On the other hand, if you didn't drive, staples could be obtained on your doorstep. The "egg man" came on Fridays from Pennsylvania. The potato chip man (Charles Chips) also from PA at least once a month; "A-rabbers", out of the city, with their horse-drawn carts of Eastern Shore produce, appeared during the summers. The Fuller Brush man came, then Avon started calling; vacuum cleaner salesmen, encyclopedia salesmen, and other vendors might show up at any time. The insurance man appeared when premiums were due and one walked to the bank to transact business with a teller - in times, when indeed, life was far simpler. And when the kids had the flu, mumps, and the chicken pox, Mom waited up until the doctor arrived at the door as late as 9:00 at night.

During the '50s, kids were everywhere on bikes; summer nights of sweaty sleep were unbearable in baking-brick-oven row homes, since nobody had air conditioning in either car or home. In the stillness of the day's waning heat, an occasional Evening Bat, from the barn at the meadow on Charles Street, might flitter overhead. Chasing lightning bugs filled the evenings with delightful pastime and mosquitoes; during the days, yards filled with fragrant and colorful blooms were inundated with butterflies that had spent their caterpillar-lives gorging in nearby meadows, and there were abundant populations of bees and baby birds to watch and grasshoppers to catch. In 1953, if you were lucky enough to be a kid then, you witnessed with wonderment the unfolding of one of Nature's extraordinary and mysterious spectaculars - the emergence of Brood X cicadas: "The Great Eastern Brood" -  true to its 17-year cyclical mandate. Some parents had been suspicious of the insects as possible vectors of poliomyelitis, finally conquered by the Salk vaccine, announced in March of that year. Admittedly, not everyone (certainly not most adults) enjoys millions of large flying insects clinging to everything in sight - only those with childhood memories of that certain place, at that certain point in time.

The postwar expansion of Rodgers Forge owed its genesis, demographics, and character in large part to the residency of a young, upwardly mobile, middle-class mix of blue collar and technical professionals and their burgeoning baby boom families.
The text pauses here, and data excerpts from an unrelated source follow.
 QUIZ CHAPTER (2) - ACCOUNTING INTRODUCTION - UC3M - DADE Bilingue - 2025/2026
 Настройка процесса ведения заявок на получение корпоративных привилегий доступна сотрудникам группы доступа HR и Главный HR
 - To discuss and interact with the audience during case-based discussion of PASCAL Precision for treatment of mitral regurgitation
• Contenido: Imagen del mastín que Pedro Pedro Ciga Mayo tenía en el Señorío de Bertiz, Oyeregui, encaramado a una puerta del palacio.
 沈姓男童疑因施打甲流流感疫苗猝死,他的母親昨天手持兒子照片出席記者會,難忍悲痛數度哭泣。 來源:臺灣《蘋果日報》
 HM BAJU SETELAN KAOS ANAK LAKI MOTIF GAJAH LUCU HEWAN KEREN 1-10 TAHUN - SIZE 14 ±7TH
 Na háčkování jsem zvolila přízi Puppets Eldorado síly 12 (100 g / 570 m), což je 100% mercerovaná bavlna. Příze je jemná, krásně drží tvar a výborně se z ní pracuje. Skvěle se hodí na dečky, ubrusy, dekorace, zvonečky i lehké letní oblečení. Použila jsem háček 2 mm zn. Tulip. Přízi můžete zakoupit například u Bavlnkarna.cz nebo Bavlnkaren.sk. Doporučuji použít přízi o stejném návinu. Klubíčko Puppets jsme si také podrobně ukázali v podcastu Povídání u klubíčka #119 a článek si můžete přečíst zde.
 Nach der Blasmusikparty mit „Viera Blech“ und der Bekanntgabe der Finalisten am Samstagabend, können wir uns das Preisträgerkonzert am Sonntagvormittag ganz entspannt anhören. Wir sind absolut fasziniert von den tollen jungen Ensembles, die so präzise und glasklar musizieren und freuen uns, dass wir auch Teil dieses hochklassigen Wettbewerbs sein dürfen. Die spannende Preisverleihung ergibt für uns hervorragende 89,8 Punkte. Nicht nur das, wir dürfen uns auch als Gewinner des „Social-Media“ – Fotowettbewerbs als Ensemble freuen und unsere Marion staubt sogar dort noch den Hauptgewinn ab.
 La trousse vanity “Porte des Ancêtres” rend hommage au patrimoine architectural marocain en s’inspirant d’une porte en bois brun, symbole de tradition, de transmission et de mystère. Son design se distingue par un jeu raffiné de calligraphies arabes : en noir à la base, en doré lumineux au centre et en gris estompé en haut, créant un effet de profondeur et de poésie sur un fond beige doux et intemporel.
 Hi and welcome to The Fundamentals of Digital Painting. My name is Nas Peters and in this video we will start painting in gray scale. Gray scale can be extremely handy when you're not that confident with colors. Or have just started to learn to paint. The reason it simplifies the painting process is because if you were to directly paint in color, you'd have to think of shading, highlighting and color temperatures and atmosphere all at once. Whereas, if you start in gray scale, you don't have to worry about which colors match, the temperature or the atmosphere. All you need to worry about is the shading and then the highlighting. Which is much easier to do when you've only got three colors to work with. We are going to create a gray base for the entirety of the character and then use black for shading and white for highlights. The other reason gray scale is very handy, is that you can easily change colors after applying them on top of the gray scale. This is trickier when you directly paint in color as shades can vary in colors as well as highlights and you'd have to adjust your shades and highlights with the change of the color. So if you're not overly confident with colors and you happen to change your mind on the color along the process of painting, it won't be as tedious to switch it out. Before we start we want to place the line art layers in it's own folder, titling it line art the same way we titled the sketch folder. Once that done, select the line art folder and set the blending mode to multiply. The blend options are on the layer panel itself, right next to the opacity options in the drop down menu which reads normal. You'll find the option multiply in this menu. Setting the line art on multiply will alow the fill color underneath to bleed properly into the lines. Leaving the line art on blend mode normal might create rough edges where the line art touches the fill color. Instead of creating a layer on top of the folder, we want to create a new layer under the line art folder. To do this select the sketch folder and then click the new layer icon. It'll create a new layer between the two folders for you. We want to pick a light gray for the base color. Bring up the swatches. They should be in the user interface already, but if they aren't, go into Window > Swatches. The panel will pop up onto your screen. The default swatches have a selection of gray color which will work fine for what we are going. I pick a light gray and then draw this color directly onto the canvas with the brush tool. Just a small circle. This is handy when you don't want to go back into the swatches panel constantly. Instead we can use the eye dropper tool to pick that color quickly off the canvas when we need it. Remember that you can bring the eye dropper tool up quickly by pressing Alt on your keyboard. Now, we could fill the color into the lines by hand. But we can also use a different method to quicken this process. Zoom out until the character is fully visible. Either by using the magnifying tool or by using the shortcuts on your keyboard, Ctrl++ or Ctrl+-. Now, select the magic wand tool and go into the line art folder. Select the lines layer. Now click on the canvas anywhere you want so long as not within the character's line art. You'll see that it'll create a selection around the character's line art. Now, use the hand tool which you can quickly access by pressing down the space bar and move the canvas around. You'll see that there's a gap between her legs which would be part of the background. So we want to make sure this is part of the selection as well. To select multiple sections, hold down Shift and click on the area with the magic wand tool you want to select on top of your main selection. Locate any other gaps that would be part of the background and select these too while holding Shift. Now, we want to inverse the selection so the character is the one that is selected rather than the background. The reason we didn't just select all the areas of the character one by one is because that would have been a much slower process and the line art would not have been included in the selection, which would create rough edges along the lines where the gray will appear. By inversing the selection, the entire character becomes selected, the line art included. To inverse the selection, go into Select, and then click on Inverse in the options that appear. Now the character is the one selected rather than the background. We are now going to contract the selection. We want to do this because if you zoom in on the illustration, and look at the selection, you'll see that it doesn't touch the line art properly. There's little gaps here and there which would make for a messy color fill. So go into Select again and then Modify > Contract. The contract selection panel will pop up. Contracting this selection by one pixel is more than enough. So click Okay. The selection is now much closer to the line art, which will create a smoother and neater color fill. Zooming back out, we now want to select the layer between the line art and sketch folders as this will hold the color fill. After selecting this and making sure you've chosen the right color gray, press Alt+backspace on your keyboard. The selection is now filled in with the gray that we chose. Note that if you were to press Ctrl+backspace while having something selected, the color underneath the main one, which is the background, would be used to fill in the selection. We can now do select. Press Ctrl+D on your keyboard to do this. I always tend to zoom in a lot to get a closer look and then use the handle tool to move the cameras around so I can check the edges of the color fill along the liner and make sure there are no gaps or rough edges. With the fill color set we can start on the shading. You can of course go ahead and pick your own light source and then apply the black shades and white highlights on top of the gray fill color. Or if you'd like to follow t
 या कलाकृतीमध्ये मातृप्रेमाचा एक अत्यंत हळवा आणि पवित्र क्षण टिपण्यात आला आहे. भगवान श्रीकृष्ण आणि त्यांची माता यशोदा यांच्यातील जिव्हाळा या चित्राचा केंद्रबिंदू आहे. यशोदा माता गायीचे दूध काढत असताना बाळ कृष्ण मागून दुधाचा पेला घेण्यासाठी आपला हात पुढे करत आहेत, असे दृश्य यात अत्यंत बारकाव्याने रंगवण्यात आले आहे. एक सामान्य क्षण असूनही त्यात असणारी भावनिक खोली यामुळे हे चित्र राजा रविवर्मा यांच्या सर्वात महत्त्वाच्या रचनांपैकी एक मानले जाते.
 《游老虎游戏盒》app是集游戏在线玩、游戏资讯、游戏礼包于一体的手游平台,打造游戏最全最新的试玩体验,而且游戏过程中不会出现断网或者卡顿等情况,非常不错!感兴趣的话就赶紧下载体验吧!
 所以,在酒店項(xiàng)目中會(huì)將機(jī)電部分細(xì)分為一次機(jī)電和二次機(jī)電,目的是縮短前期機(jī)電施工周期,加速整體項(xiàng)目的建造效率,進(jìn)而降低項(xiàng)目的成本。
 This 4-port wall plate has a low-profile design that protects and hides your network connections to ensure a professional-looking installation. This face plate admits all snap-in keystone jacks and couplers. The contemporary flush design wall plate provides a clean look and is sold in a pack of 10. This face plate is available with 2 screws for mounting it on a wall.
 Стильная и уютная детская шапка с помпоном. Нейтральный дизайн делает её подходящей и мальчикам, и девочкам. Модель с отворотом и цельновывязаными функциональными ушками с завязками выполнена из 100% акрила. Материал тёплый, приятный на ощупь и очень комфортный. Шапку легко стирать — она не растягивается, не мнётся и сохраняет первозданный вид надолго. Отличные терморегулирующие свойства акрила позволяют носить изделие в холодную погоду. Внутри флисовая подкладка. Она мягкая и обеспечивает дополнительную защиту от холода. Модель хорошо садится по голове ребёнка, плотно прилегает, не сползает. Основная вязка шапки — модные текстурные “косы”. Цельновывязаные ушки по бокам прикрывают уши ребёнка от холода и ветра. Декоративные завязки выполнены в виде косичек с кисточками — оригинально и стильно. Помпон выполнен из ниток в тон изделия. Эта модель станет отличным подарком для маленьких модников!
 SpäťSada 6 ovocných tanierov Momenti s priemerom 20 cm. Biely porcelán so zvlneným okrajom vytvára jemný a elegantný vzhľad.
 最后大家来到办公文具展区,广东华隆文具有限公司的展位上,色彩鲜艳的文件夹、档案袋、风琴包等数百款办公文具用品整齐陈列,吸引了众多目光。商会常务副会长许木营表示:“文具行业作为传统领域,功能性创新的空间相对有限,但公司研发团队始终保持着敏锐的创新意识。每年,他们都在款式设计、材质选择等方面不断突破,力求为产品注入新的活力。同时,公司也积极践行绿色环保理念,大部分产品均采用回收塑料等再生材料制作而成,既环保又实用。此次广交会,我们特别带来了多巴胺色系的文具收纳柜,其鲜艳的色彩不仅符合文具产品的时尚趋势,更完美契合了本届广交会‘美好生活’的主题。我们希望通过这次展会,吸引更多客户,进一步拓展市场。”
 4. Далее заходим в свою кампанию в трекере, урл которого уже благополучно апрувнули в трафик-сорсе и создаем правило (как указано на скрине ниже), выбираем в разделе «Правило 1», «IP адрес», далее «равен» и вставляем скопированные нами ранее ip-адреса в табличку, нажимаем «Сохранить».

When the malls finally did come in the mid-1960s with explosive development, as Towson State Teachers College morphed into Towson State College, and St. Joseph Hospital and Greater Baltimore Medical Center consumed vast remaining tracts to the north, all relicts of surrounding rural life and artifacts of the railroad had vanished from Rodgers Forge by 1970.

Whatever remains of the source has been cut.